In his most recent work, Leslie N. Smith gives extremely useful practical advice on how to train neural networks and tune the most important hyper-parameters. In his experiments, Smith was able to improve the current State Of The Art (SOTA) results on a number of datasets and network combinations, including the popular CIFAR-10, CIFAR-100, MNIST, and ImageNet.

Smith argues that Learning Rate (LR), Momentum, batch size, and weight decay should be tuned synchronously to find the best configuration that minizines the validation loss and maximize validation accuracy. Such intuitive remark has however been elusive for many researchers in the recent past due to the computational cost associated with such strategies. An extensive grid search across a 4-dimensional hyper-parameters space would, in fact, be extremely expensive ― especially for the average user who doesn’t have at his disposal a cluster of GPUs for running experiments.

Leslie Smith goal is therefore to both shade a light on the intrinsic dependencies between such hyper-parameters and presents a good heuristic to rapidly identify the best combination.

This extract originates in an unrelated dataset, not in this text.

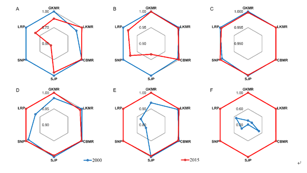 東北地理所地理景觀遙感和城市森林與濕地團(tuán)隊(duì)的研究人員利用Landsat系列衛(wèi)星遙感影像解譯獲取的2000和2015年土地覆蓋數(shù)據(jù),探討了國(guó)家實(shí)施一系列生態(tài)工程以來(lái)東北地區(qū)的土地覆蓋變化特征,進(jìn)而利用InVEST模型分析了東北地區(qū)生態(tài)系統(tǒng)服務(wù)的時(shí)空格局及其地理空間異質(zhì)性,深入討論了不同政策影響下的東北地區(qū)土地覆蓋變化特征,及其對(duì)生態(tài)系統(tǒng)服務(wù)變化的影響。

In addition to that, Smith also gives easy to follow rules of thumbs regarding good starting hyper-parameters to use when approaching a new dataset or architecture, and hints at how to improve on the initial configuration. In this paper, Smith also introduces what he calls the 1cycle policy, a strategy to train neural networks which shows super-convergence capabilities in many datasets if hyper-parameters are correctly chosen.

Underfitting and Overfitting

Smith points out how, to minimize the prediction error, we need to identify the sweet spot between underfitting and overfitting.

A chart showing the relationship between underfitting and overfitting

He argues that hyper-parameter configurations which more rapidly reduce the validation loss in the first few epochs and then plateau are generally best, since they:

  1. Empirically reach lower validation loss
  2. Dramatically reduce computing time ― that can, therefore, be allocated to experiment other things

Smith stresses how large Learning Rate values are desirable since they reduce underfitting and help to regularize the training. On other hand, Smith reminds the reader that extremely high values of Learning Rate can cause the training to diverge. To quickly identify reasonable minimum and maximum boundary values for the Learning Rates with only a few epochs, Smith suggests to use the “LR range test”, which he proposed in an earlier paper.

The 1cycle policy

Such a policy requires the coordinated change of Learning Rate and Momentum during training time. During the course of over 1,000 experiment, Smith noticed how a strategy of one cycle length wherein the first half we increase the LR while decrease Momentum, and then revert the trends in the second half of the cycle, seems to perform particularly well.

A chart showing the learning rate and momentum schedule in the 1cycle policy

In Smith experiments, such policy outperforms in terms of validation score any other previously known training policy, and achieves optimal results in a fraction of the necessary epochs.

Batch size, weight decay, and dropout

Small batch sizes, weight decay, and dropout are other popular techniques to regularize neural networks. Smith argues that these regularization techniques should be reduced in favor of using larger learning rates. Larger learning rates, in fact, provide as good regularization properties and, additionally, allow convergence in a shorter number of iterations.

Smith suggested to use the largest batch size allowed by our server and to try a few different combinations of weight decay and dropout while comparing the results using the “LR range test”.

Generalization to different network architectures and dataset

Finally, Smith explores how his recommendations generalize to different network architectures and datasets. Interestingly, he shows how his recommendations hold not just for shallow and residual networks but also in deep architectures like densenets, and hyper-densenets. He also shares the code he used to improve the results presented in numerous studies while also considerably reducing training time. This is extremely important to further validate the hypothesis that the 1cycle policy is the best currently known general strategy to optimize both shallow and deep networks architectures.

Conclusions

The recent work of Leslie N. Smith has been fundaments to democratize deep learning and achieving SOTA results on single and multi-GPU configurations. The “LR range test”, 1cycle policy, and the heuristics to tune Learning Rate, Momentum, batch size and weight decay presented in this paper are advancing what previously presented in the literature.